Цельное и ясное знание возвышало его над миром, давало непоколебимое чувство превосходства и отцовской снисходительности ко всему тому, что рождалось, умирало, радовало и страдало под ним. Да, под ним. Ибо он сам ощущал себя чуть ли не творцом этого мультипликационного мира.
Милого, наивного, несовершенного, как детские рисунки и домики из песка, как неприхотливая картавая песенка, и все мечты и надежды людей казались мелкими и преходящими, как желание ребенка стать пожарником в блестящей каске…

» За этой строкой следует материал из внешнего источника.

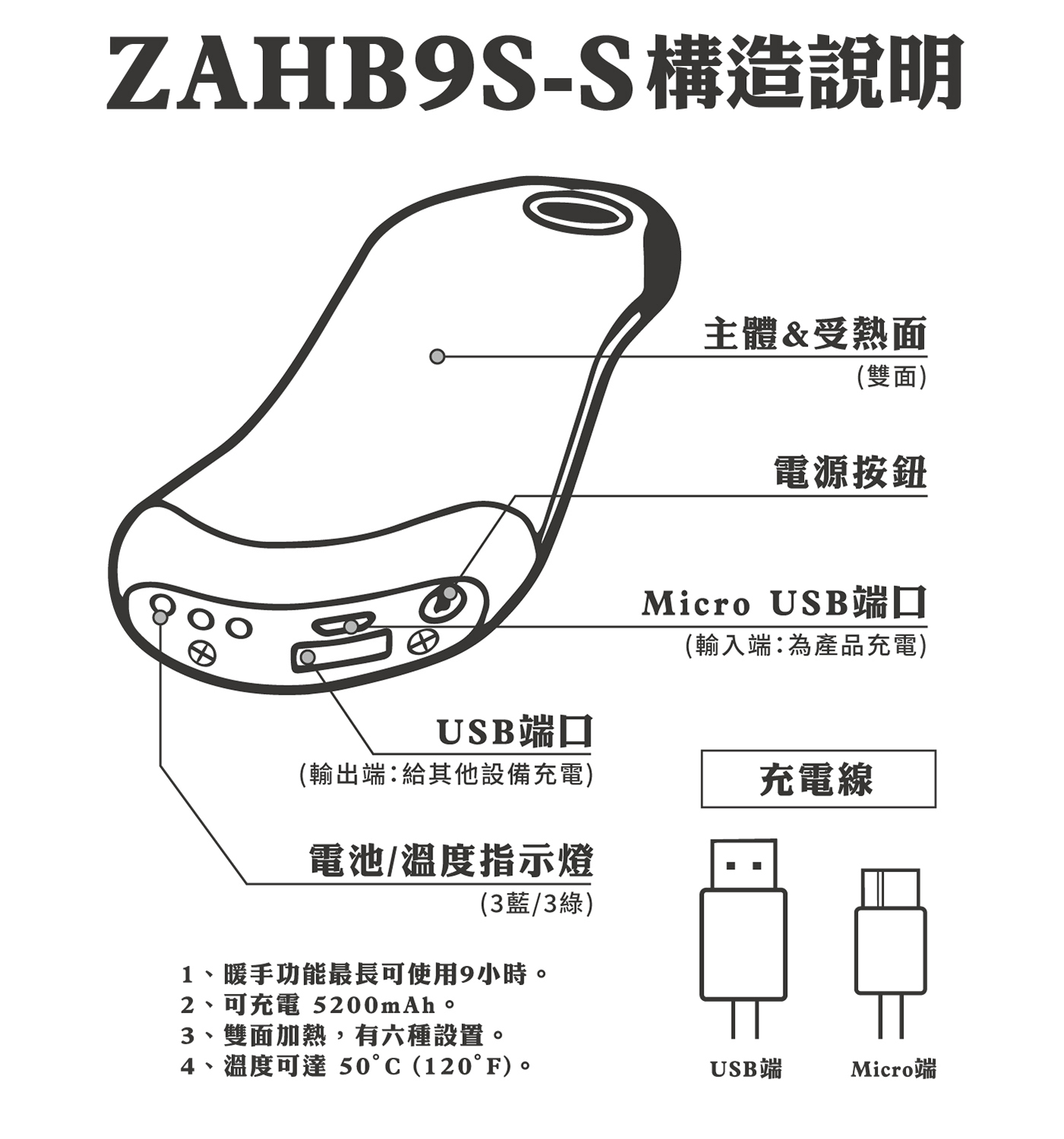 ﹡暖手功能最長可持續使用 9 小時。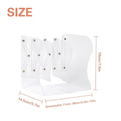 CY craft 4 Pieces Bookends,Clear Acrylic Bookends for Shelves,Heavy Duty Book Ends and Desktop Organizer,Book Stopper for Books/Movies/CDs,7.3x4.8x4.8 inch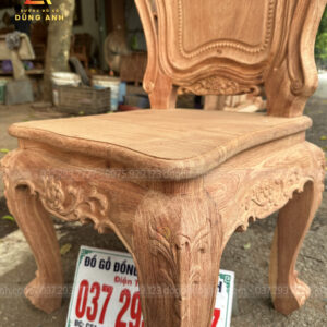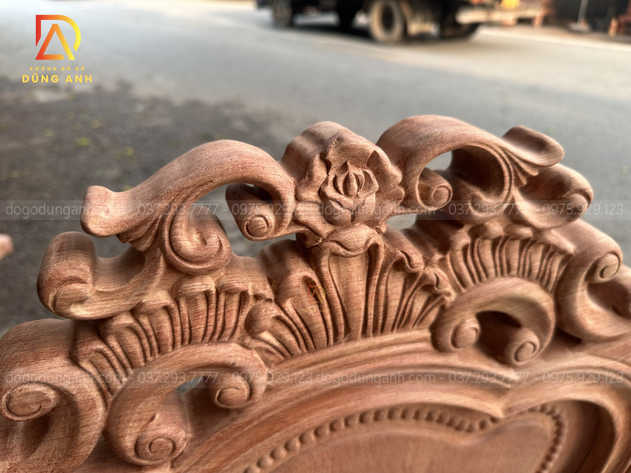 - Khuôn tranh có độ dày 3 cm cực kì chắc chắn , yếm được làm vén cong đục chạm hoa lá tây , đục chạm hoa lá tây và vén cong giúp tạo thẩm mỹ cũng như đồng đều với những chiếc ghế có nhiều chi tiết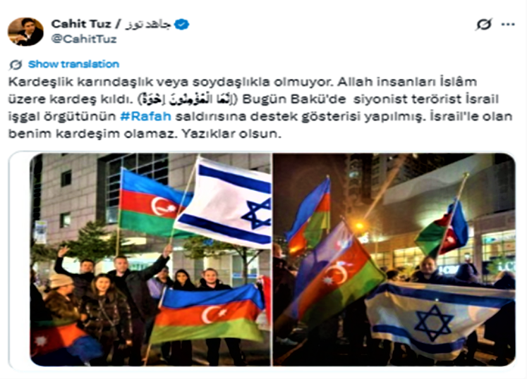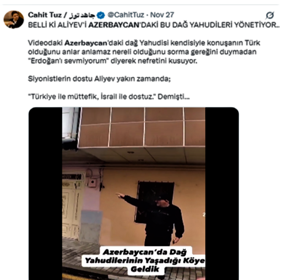- "Qardaşlıq soydaşlıqla ya da ailə bağları ilə olmur. Allah insanları İslam dinində qardaş qılıb" cümlələri ilə başlayan statusunda Cahit Tuz guya Bakıda yəhudilərə dəstək aksiyasının keçirilməsi ilə bağlı fotolar paylaşıb.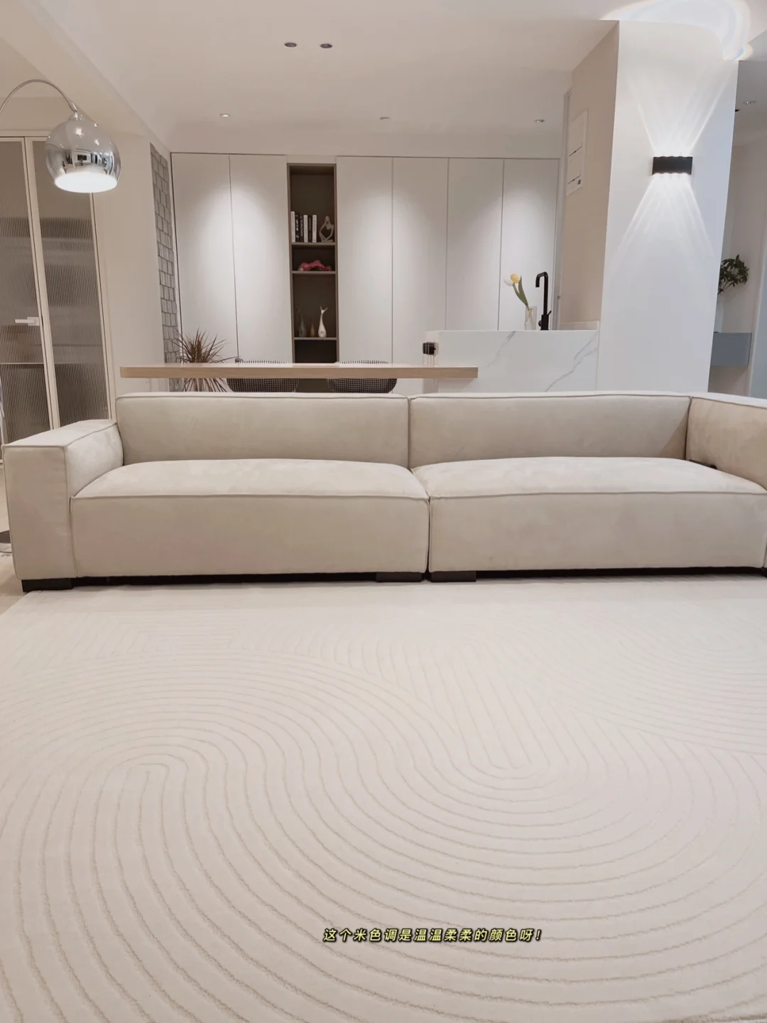 🔸客厅是一块和沙发同色系的地毯,清爽干净!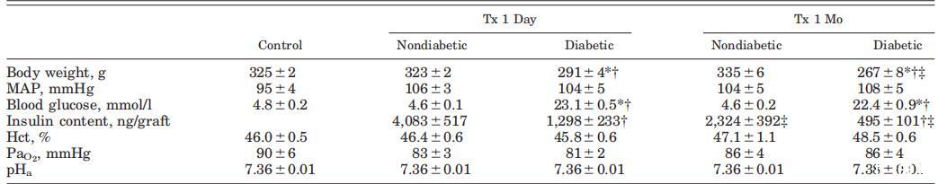 移植物胰島素含量。糖尿病動(dòng)物的胰島移植物在移植后1天和1個(gè)月的胰島素含量均低于非糖尿病受體的移植物(表1)。所有胰島移植物(即非糖尿病受體和糖尿病受體的移植物)的胰島素含量在移植后1天至1個(gè)月期間均有所下降。

Тайна врожденного дара открылась ему. Теперь он казался простым и естественным, как слух и зрение, ибо кто, как не творец, может проникнуть в душу и плоть созданных им существ, кто еще, если не он, имеет право вмешиваться в судьбы героев, придуманных им, и мудро властвовать над их жизнью и смертью. Всевидением, всесилием и всезнанием именовался этот дар — титулами, отданными некогда слабым человеком своим богам.
Он, Веселов, (нет, теперь он тоже стал Безымянным, как весь его народ) мог все. Но в мудрости своей сдерживал всемогущество, прозрение не было сродни презрению, ему было по-отцовски жаль лежащую под ним землю и все, что дышало на ней.